Prompt injection. The diff in a pull request is user-controlled content. A malicious contributor can put instructions in a code comment that tell Claude to leak secrets or rewrite files. Mitigations: read-only tools in review jobs, never give Claude write access on untrusted PRs (only on PRs from your own branches), and log every tool call so you can audit what actually happened. If you are comparing review quality across tools, the AI coding assistants comparison has more on how Claude handles this versus Copilot and Cursor.
Where this breaks
Honest limits, because nobody posts about these.

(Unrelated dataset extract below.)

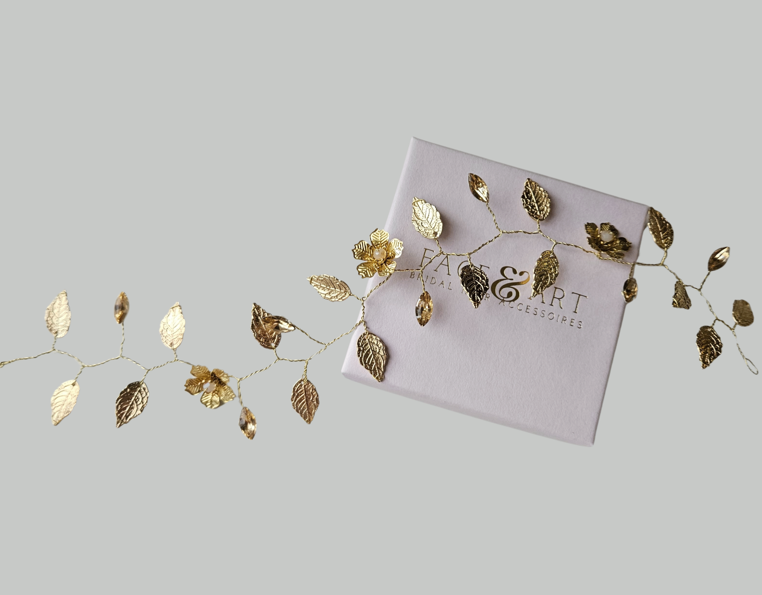 Kortom: met deze handgemaakte golden hairvine geef je elk kapsel een elegante en romantische afwerking. Voeg dit prachtige haaraccessoire vandaag nog toe aan je winkelmandje en straal tijdens ieder bijzonder moment.

Cold start on every CI run. Claude Code has to load, authenticate, and initialize on every job. That is 3-6 seconds before your prompt even starts. For high-frequency triggers, the overhead dominates. For those, use the SDK or Dispatch and keep a warm session.

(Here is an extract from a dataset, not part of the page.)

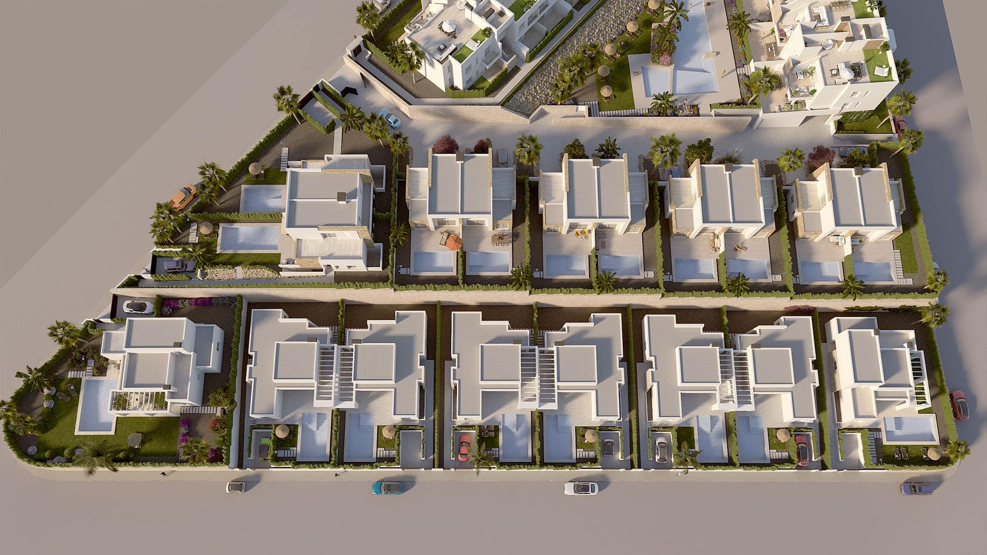 Inside, the townhouses are designed to offer maximum comfort and functionality. Each property has three bedrooms and two bathrooms, providing a spacious and well-distributed space for the whole family. The built-in wardrobes in the bedrooms offer practical and elegant storage solutions. The layout also includes a private garage, ensuring convenience and security for the residents. The interior design focuses on quality and efficiency, creating a welcoming and modern atmosphere.

Non-deterministic output. Even with temperature locked, Claude's output varies run to run. If your CI makes hard decisions based on Claude's answer (approve, block, merge), wrap the decision in explicit validation. Do not trust a single review as a quality gate. The same principle applies to any zero-downtime deployment pipeline: never let a non-deterministic check be the only gate.

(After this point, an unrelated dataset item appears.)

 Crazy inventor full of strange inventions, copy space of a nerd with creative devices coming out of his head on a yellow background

Repository-scale context. Headless Claude Code does not have the interactive session's ability to build up context across many prompts. It sees what you give it, plus whatever tools you let it call. For large refactors or cross-module changes, use the SDK with a persistent session, not the CLI.
Debugging failed runs. When a CI Claude run does something weird, you have only the JSON log. Interactive sessions are far easier to debug because you can inspect state live. In CI, logging every tool call with --verbose is the only way to reconstruct what happened.
Cost at scale. The $15-25/month figure is for moderate pull request review. Generative tasks, large refactors, and multi-file changes can run ten to twenty times more expensive per job. Budget before you roll out, and track total_cost_usd in your logs per job.
Start small
A sensible rollout: one job, one repo, one week. Pick pull request review because it is read-only, contained, and easy to evaluate. Put the workflow behind a label like claude-review so it only runs on PRs you opt in. Watch the cost dashboard every day for the first week. Once the invocation is stable and the cost is bounded, expand scope.
Do not start with code-generation jobs in CI. They are more useful but they are also where every cost and security footgun lives. Generation works best interactively in a reviewed session, not fired from an automated trigger against user-controlled content.
Claude Code in CI is not magic. It is a fast, capable coding model with sharp edges when you run it unattended. Handle the edges up front, using the flags, validation, and cost controls above, and the automated review workflow earns its place in the pipeline. Skip them, and unattended Claude Code will find creative ways to surprise your API bill.